While thermosiphons have been investigated before for use in domestic solar water heating, this combination with interfacial evaporation has not been investigated.

In this project a thermosiphon system using interfacial evaporation will be designed and modelled to predict the technical performance that the system would be able to achieve. The hypothetical system would require a collector, and both tracking and stationery collectors would be modelled. The model will make use of heat transfer relations and thermodynamics to predict the overall technical performance of the system. The model will then be used to consider several heating fluids and design choices to optimise the design.

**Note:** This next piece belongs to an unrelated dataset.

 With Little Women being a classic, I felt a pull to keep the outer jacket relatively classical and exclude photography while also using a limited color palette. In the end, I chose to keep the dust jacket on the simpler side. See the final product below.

Lastly, the system design and technical performance parameters will then be used as inputs into a techno economic analysis of the design to see how this system would compare to current domestic heating solutions on the market and thus decide if this is a commercially viable technology.

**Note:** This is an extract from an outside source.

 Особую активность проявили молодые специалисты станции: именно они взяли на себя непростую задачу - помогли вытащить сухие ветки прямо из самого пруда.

Study Type: This is a desktop study focused on modelling and analysis of the various design configurations developed during the study. The theory covered will focus on the physics of interfacial evaporation, condensation, heat loss, solar ray concentration and similar as well as advanced techno-economic analyses methods. Coding and numerical analysis will be required to develop the model of the system, but it is envisaged to be largely a first principles model. However, some CFD may be necessary.  

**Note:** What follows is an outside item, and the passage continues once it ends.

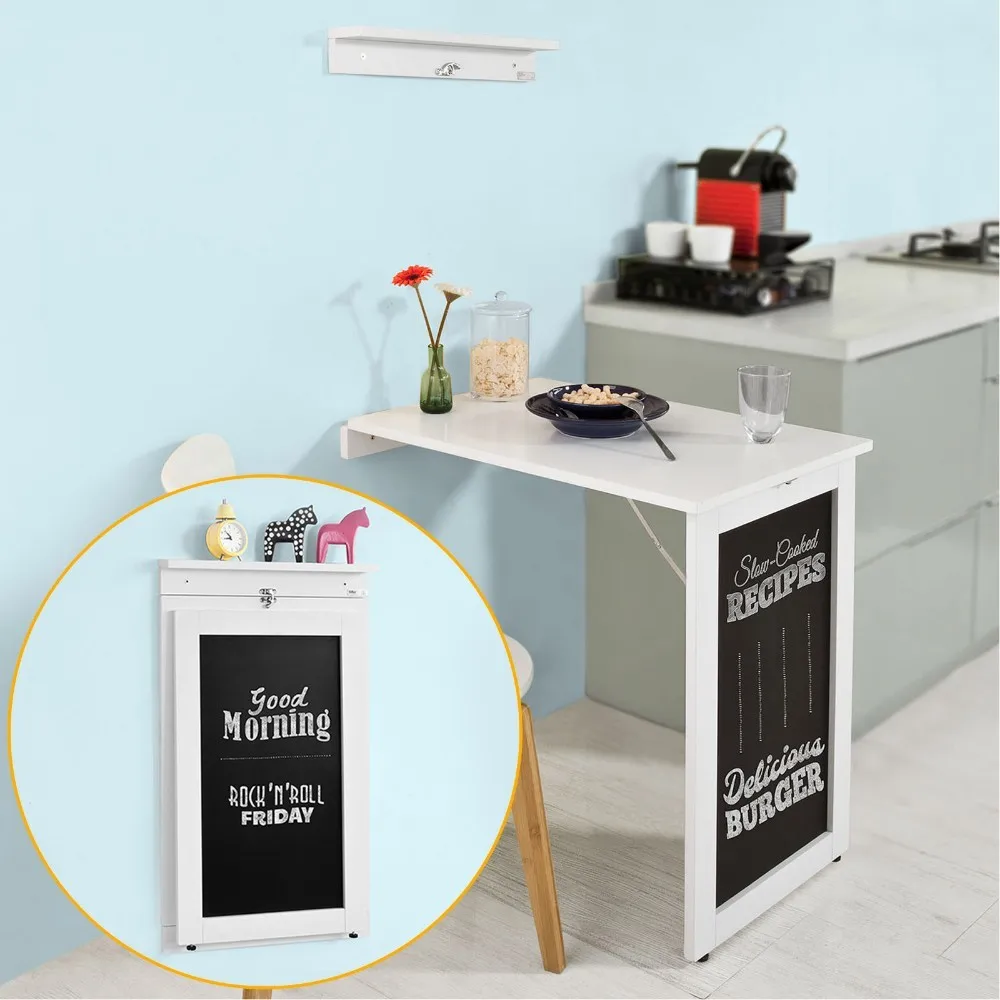 SoBuy White Folding Wall-Mounted Drop-Leaf Table, Kitchen & Dining Desk with Blackboard FWT20-W

Study Mode: Full Time or Part Time

Degree Type: Masters

Experimental funding: Open-source software will be used.

Student funding: The student will have to self fund their studies or secure funding through DSI-NRF Masters/PhD program or similar.

Collaborators: Graduate School of Technology Management, University of Pretoria

3D printed heat exchangers: Design, modelling, optimization and technoeconomic analysis

3D printing (or additive manufacturing) can be used to print shapes that previous manufacturing technologies could not achieve. This allows for new design ideas and concepts to be produced to compete with existing design paradigms.

Heat exchangers can benefit from these complex shapes, as they allow for enhanced heat transfer through advanced shapes not previously possible with existing manufacturing technologies. With copper 3D printing in particular only recently successfully achieved, the commercial competitiveness of these 3D printed heat exchangers is not well known.

In this project, a 3D printed heat exchanger and ‘traditional’ flat plate heat exchanger will be compared. They will be designed, developed, modelled and optimized to determine the performance advantages that the 3D printed heat exchanger can possibly provide. Lastly, a techno economic analysis will be completed to determine the cost benefits ( if any) of these 3D printed heat exchangers.

Study Type: This is a desktop study focused on modelling and analysis of the various design configurations developed during the study. The theory covered will focus on the physics of heat transfer of single phase and phase change systems. (i.e. boiling and condensation). Coding and numerical analysis will be required to develop the model of the system, but it is envisaged to be largely a first principles model. However, some CFD may be necessary.  

Study Mode: Full Time or Part Time

Degree Type: Masters

Experimental funding: Open-source software will be used.

Student funding: The student will have to self fund their studies or secure funding through DSI-NRF Masters/PhD program or similar.

Collaborators: Graduate School of Technology Management, University of Pretoria

Evaporative algae dewatering: Design, modelling, optimization and technoeconomic analysis 

Algae are an exciting possible crop to grow for a variety of reasons, such as biofuels, protein for animal feed or niche biochemical compounds. However, algae production is largely still too expensive for many of these products to be cost competitive.

The dewatering stage of the algae production is one of the reasons for this, as it is a costly process due to the large amount of water that needs to be removed from the algae. A number of solar based methods have been attempted to remove the water. However, the heat of the sun’s rays can damage the algae cells, making it a problematic approach to attempt.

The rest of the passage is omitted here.